From NIC.DDN.MIL!tcp-ip-RELAY@utcsri Fri Apr 26 03:20:29 1991
Date: 26 Apr 91 05:15:36 GMT
From: usc!rpi!news-server.csri.toronto.edu!utgpu!watserv1!sunee!erick@apple.com  (Erick Engelke)
Organization: University of Waterloo
Subject: Re: Byte and bit order within packet headers
References: <9104241753.AA21589@dino.alias.com>
Sender: tcp-ip-relay@nic.ddn.mil
To: tcp-ip@nic.ddn.mil

Erick Engelke (usc!rpi!news-server.csri.toronto.edu!utgpu!watserv1!sunee!erick@apple.com) responds to my question:

>In article <9104241753.AA21589@dino.alias.com> mandrews@alias.com (Mark Andrews) writes:
>>
>>I have a question concerning concering the byte and bit order of fields
>>within packet headers. Many of the RFCS (including RFC1060) state rules
>>about the byte (octet) order:
>>
>
>Much confusion stems from the fact that Intel processors store 
>bits in the following order
>
>  +--+--+--+--+--+--+--+---+---+--+--+--+--+--+--+---+
>  |07 06 05 04 03 02 01 00 | 15 14 13 12 11 10 09 08 |
>  +--+--+--+--+--+--+--+---+---+--+--+--+--+--+--+---+
>  |  first stored byte     |  second stored byte     |  etc.
>
>whereas network order is
>
>  +--+--+--+--+--+--+--+---+---+--+--+--+--+--+--+---+
>  |15 14 13 12 11 10 09 08 | 07 06 05 04 03 02 01 00 |
>  +--+--+--+--+--+--+--+---+---+--+--+--+--+--+--+---+
>
>so the bits and nybbles are already in network order, you simply need to
>organize quantities larger than a byte, namely 16 and 32 bit values.
>
>The intel code should have
>    unsigned  ip_h : 4;
>    unsigned  ip_v : 4;
>
>I hope this clears it up a bit.
>
>Erick

Fine, this a good example.
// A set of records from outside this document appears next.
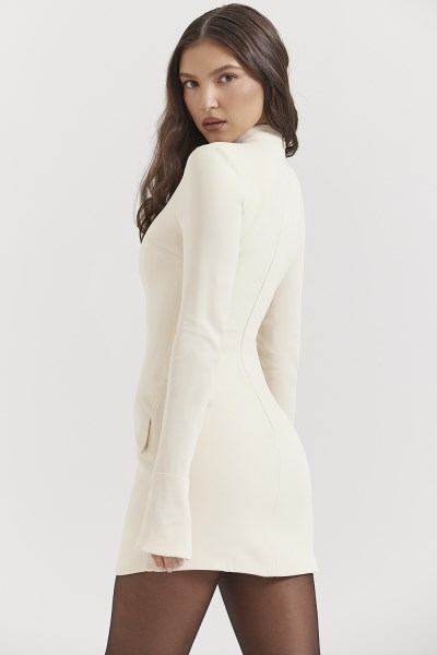 'Mahalia' is a beautifully constructed, form fitting stretch dress that really flatters the body. The sleek silhouette is set off by decorative flap pockets and the fluted cuffs add a little drama.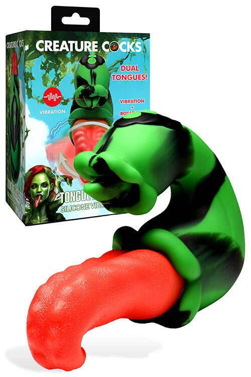 With its striking black and green design, the Tongue Lasher features two unique stimulation points: a powerful vibrating mouth that targets your clitoris and a textured, bright red tongue that flicks and swirls to perfection. Experience the ultimate in dual stimulation as you explore the: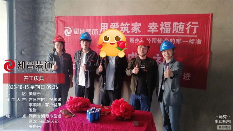 經(jīng)過(guò)原屋儉收,電梯公共過(guò)道保護(hù),鏟除墻皮,全房放線定位后知音裝飾為每戶業(yè)主舉行隆重的開(kāi)工儀式以表慶賀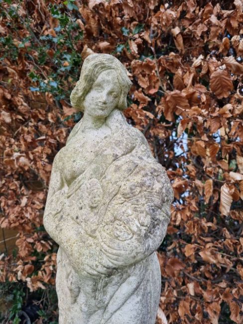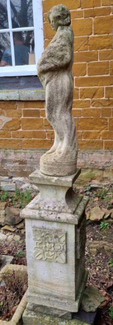 A marriage of pre-cast stoneware statue on pedestal, 180cm high.

In my specific example, I was looking how BSD
code interprets the version number and  header length of an IP packet
header:

    struct ip {
    #if BYTE_ORDER == LITTLE_ENDIAN
            u_char  ip_hl:4,                /* header length */
                    ip_v:4;                 /* version */
    #endif
    #if BYTE_ORDER == BIG_ENDIAN
            u_char  ip_v:4,                 /* version */
                    ip_hl:4;                /* header length */
    #endif

Unfortunately, the bit order is machine and compiler dependent. On little
endian machines, the bit fields are assigned least significant bit first
(right to left), resulting in:

   MSB                     LSB
    +--+--+--+--+--+--+--+--+
    |   ip_v    |   ip_hl   |
    +--+--+--+--+--+--+--+--+
     07 06 05 04 03 02 01 00

On big endian machines, the bit fields are also assigned least significant
bit first, but this time the bit fields are assigned left to right:

   LSB                     MSB
    +--+--+--+--+--+--+--+--+
    |   ip_v    |   ip_hl   |
    +--+--+--+--+--+--+--+--+
     00 01 02 03 04 05 06 07


In which order are the bits transmitted such that the integrity of the
data is not compromised, independent of the endian order.
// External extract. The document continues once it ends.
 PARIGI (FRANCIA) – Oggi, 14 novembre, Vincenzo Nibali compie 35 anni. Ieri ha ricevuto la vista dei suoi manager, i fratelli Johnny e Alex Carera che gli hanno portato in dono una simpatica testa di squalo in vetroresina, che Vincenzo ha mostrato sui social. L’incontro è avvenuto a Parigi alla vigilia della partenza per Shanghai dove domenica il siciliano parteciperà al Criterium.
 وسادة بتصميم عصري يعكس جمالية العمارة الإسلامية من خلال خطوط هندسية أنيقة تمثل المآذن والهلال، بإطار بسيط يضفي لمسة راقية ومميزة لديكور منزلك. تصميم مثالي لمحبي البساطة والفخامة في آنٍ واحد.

For example, if a big endian machine is talking to a little endian machine,
in what order are the bits transmitted so that the ip_v and ip_hl fields
from the big endian machine are interpreted properly on the little endian
machine.

In the case of the ip_v field, bits 0-3 of the big endian byte must be
transmitted to bits 4-7 of the little endian byte!

Thanks for any information,

Mark

henry@zoo.toronto.edu (Henry Spencer) (04/27/91)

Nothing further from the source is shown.